WASHINGTON – Congressman Vern Buchanan today introduced legislation in the U.S. House to rebuild drug manufacturing in the United States following threats by China to cut off life-saving medications to Americans.
"Every day we are learning more about China's malicious intentions, from lying about the origins of the coronavirus to threatening to cut off drug supplies to American citizens during a pandemic," Buchanan said. "It's clear we must take immediate steps to make our country more independent when it comes to producing life-saving medicines."
Eighty percent of the raw ingredients used to manufacture many life-saving medications and antibiotics are produced oversees, primarily in China. According to estimates, Chinese pharmaceutical companies supply between 80 percent and 90 percent of U.S. antibiotics, 70 percent of acetaminophen and about 40 percent of heparin (blood clot medication).
“As we confront the coronavirus, it has become clear how dangerously reliant we are on China and the global supply chain for pharmaceutical products,” Buchanan said. “We must act swiftly to ensure that America is never again forced to rely on other countries for critical drug components and life-saving drugs.”
Buchanan's bill, titled The Securing America’s Medicine Cabinet Act, would create a new federal office responsible for stockpiling adequate supplies of critical medicines and encourage companies to ramp up the manufacturing of those drugs.
The bill, companion legislation to a bill introduced in the U.S. Senate by Sens. Marsha Blackburn (R-TN) and Robert Menendez (D-NJ), also authorizes $100 million to create National Centers of Excellence for Advanced Pharmaceutical Manufacturing with the goal of developing and manufacturing more active pharmaceutical ingredients within the U.S. These new centers will utilize public-private partnerships between higher education institutions and private sector entities to discover innovative new pharmaceutical processes and develop new workforce training efforts.

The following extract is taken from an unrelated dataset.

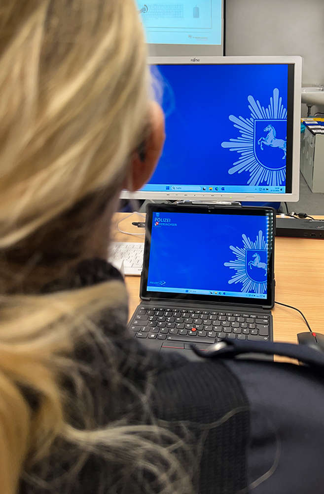 Ob in der Dienststelle, im Homeoffice oder im Einsatzfahrzeug – wir sorgen dafür, dass die niedersächsischen Polizistinnen und Polizisten überall digital arbeiten können. Mit dem PolizeiClient 2.0 stellen wir rund 26.500 Computer bereit. Rund 25.000 davon sind Convertibles: Tablet-Computer mit einer abnehmbaren Tastatur. Sie sind besonders vielseitig einsetzbar. Dank Mobilfunk-Karte und VPN können die Polizistinnen und Polizisten auch unterwegs sicher auf ihre dienstlichen Daten und Anwendungen zugreifen und beispielsweise Kennzeichen überprüfen, Personendaten abfragen oder Berichte schreiben. Im Büro oder im Homeoffice schließen sie die Geräte über eine mitgelieferte Dockingstation an größere Monitore an.

Buchanan said the United States is too dependent on the global supply chain of key medicines, including active pharmaceutical ingredients (APIs). These raw materials, the basic chemical component in drugs that produces the intended effects, are then used in antibiotic and pills to treat many common chronic conditions such as heart disease.

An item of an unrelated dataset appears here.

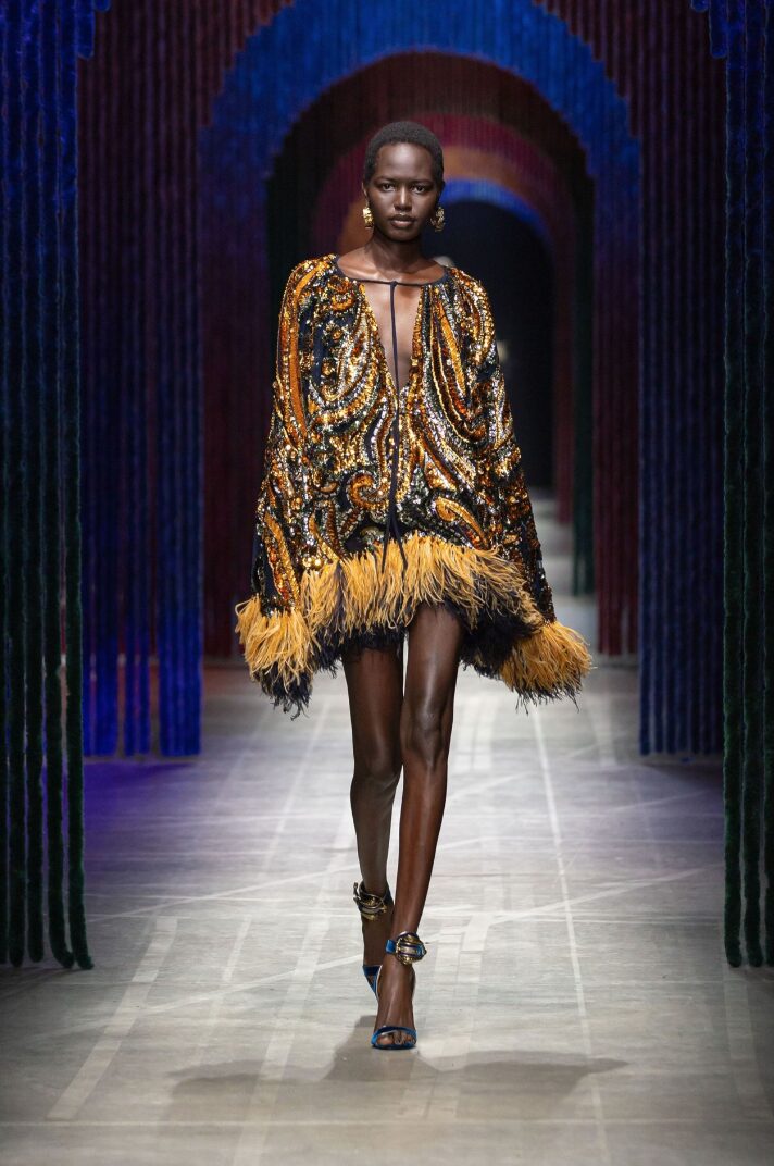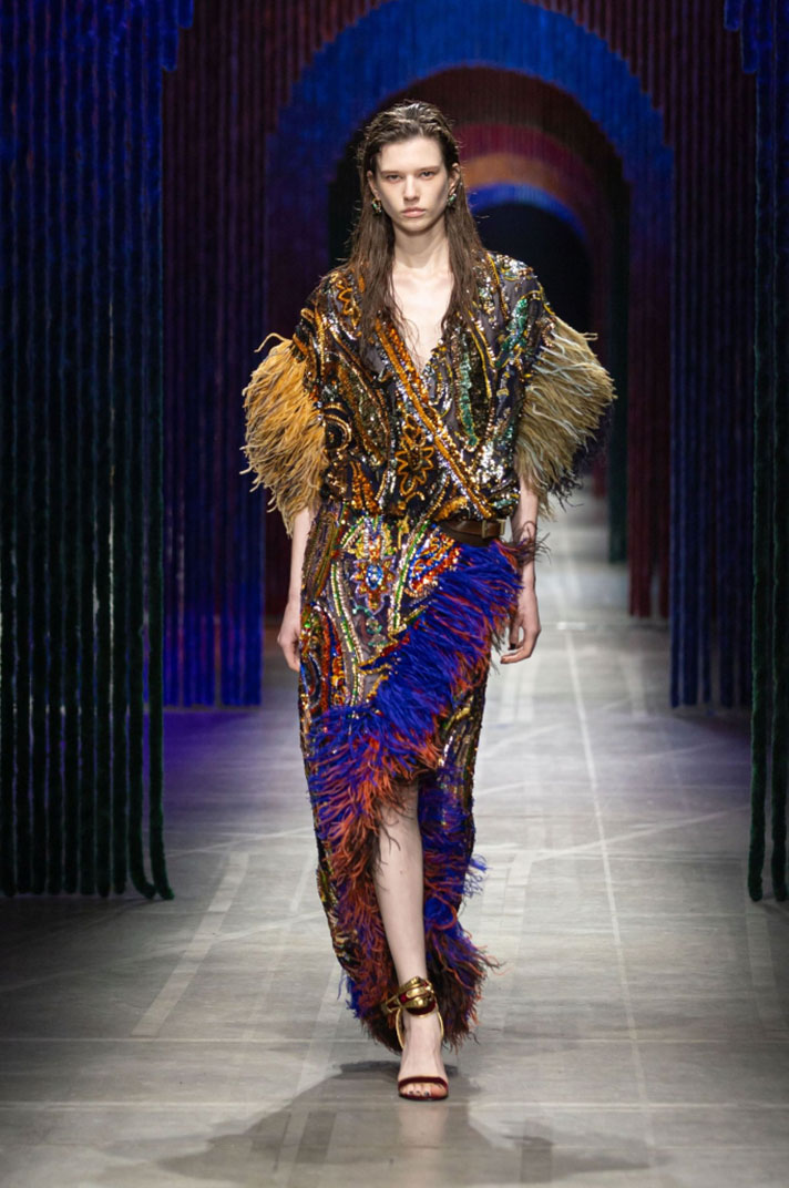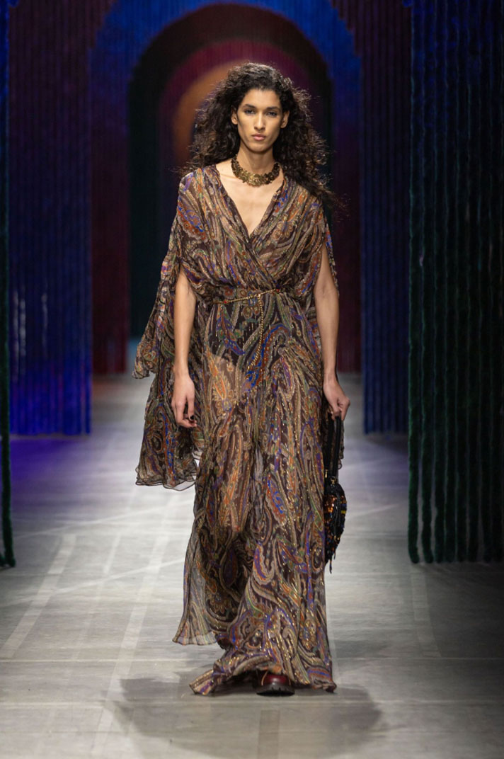 Já a Etro interpreta o bordado com uma sensibilidade boho-luxo, combinando referências étnicas, riqueza ornamental e uma paleta intensa.

Since the 1990s, U.S. companies have increasingly imported pharmaceutical products from countries around the world, where ingredients are cheaper and subject to fewer regulations. To date, more than 50 countries around the world have imposed some sort of export ban on essential medicines amid the global pandemic.
In February, the FDA warned that one undisclosed drug was already in short supply in the U.S. because of problems related to the coronavirus outbreak and that it was monitoring about 20 additional drugs whose manufacturers relied solely on China. Factory closings and transportation restrictions in the country have already disrupted drug supply chains in April, the Indian government ordered its pharmaceutical companies to stop the export of 26 different drugs and drug ingredients, including many antibiotics.

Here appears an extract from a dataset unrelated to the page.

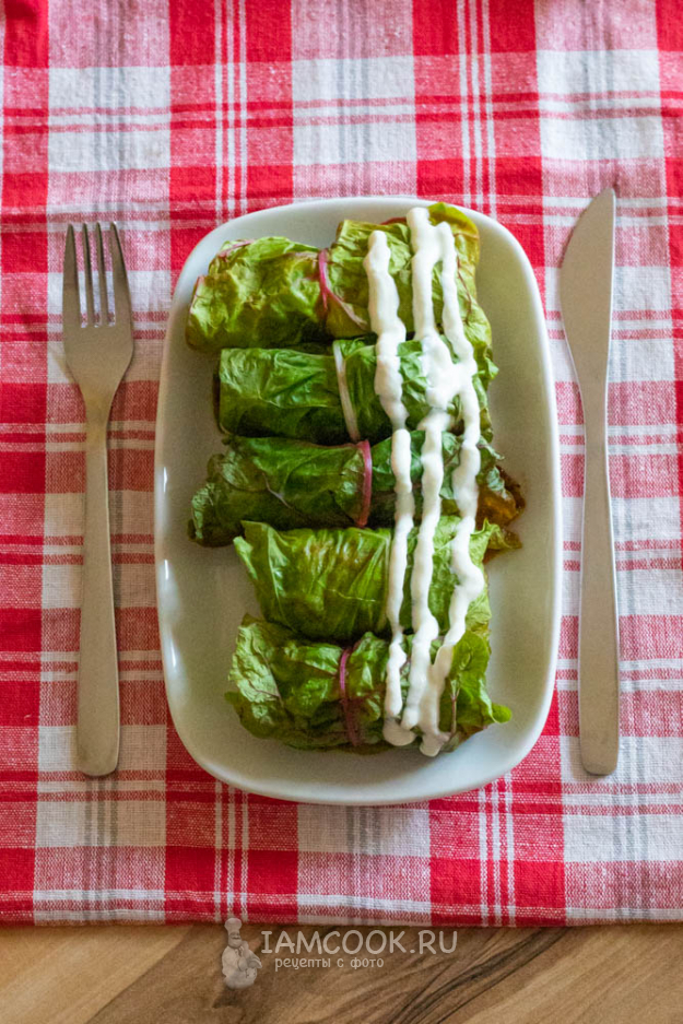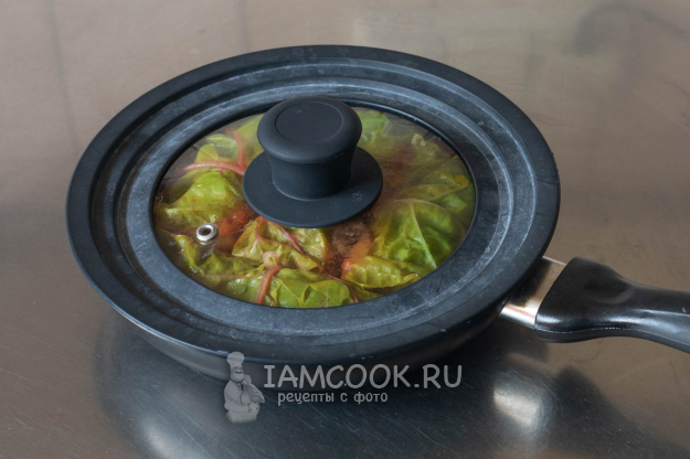 При этом способе приготовления голубцы в листьях мангольда следует тушить под крышкой на среднем или слабом огне 20-25 минут с момента закипания томатной массы.

According to Rosemary Gibson, a senior adviser with the Hastings Center, “If China shut the door on exports of core components to make our medicines, within months our pharmacy shelves would become bare and our health care system would cease to function.” Gibson also said, “In the event of a natural disaster or global pandemic, then the United States will wait in line with every other country for essential medicines.”
China's state-run media agency in March said Beijing could impose pharmaceutical export controls which would plunge America into "the mighty sea of coronavirus."
Buchanan called it “unconscionable that other nations would use a global pandemic to hold countries hostage for these vital medications. The Securing America’s Medicine Cabinets Act would ensure that the United States is never put in this vulnerable position again.”
Buchanan was one of the first in Congress to call for the president to declare a public health emergency and to call for restricting flights into the country from China, the origin of the disease. In 2017, Buchanan proposed that Congress should create a pandemic response fund to combat deadly infectious diseases.